Directions for this task
Each line in the material below, starting at the one that contains "Leo, Michael (2023)" and ending at the one that contains "Before I login", should be repeated exactly; the pictures should not.

Stored data
--------
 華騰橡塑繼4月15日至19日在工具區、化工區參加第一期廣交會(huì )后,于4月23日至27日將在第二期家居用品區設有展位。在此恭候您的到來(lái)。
--------
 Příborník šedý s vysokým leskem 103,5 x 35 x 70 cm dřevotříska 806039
--------
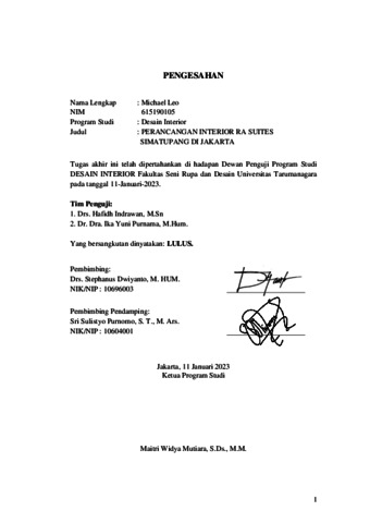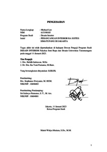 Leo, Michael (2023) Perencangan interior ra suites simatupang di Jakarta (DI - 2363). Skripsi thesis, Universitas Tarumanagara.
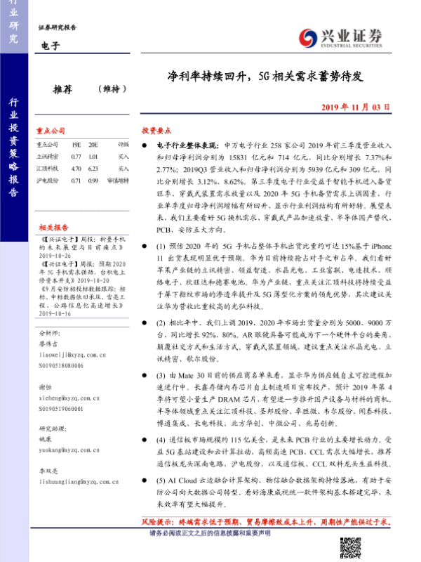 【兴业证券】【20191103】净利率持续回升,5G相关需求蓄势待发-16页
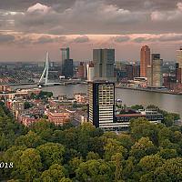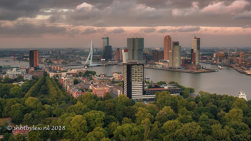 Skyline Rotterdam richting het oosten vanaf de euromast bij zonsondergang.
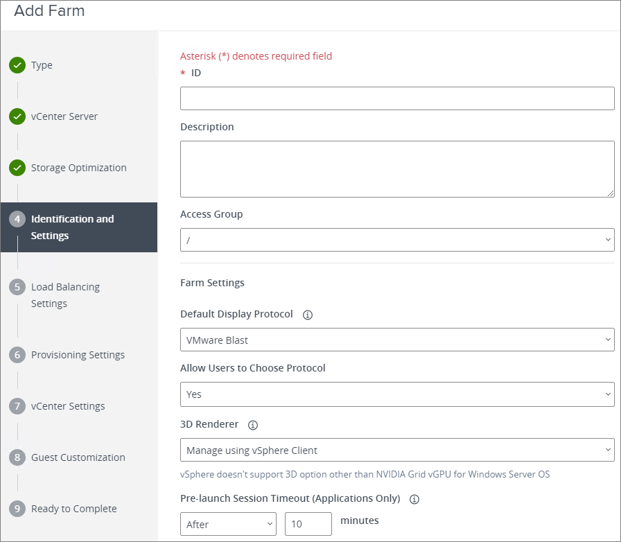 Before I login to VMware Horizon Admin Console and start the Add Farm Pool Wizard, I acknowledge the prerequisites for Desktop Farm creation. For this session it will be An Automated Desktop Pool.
--------
Result for this task
 Leo, Michael (2023) Perencangan interior ra suites simatupang di Jakarta (DI - 2363). Skripsi thesis, Universitas Tarumanagara.
 【兴业证券】【20191103】净利率持续回升,5G相关需求蓄势待发-16页
 Skyline Rotterdam richting het oosten vanaf de euromast bij zonsondergang.
 Before I login to VMware Horizon Admin Console and start the Add Farm Pool Wizard, I acknowledge the prerequisites for Desktop Farm creation. For this session it will be An Automated Desktop Pool.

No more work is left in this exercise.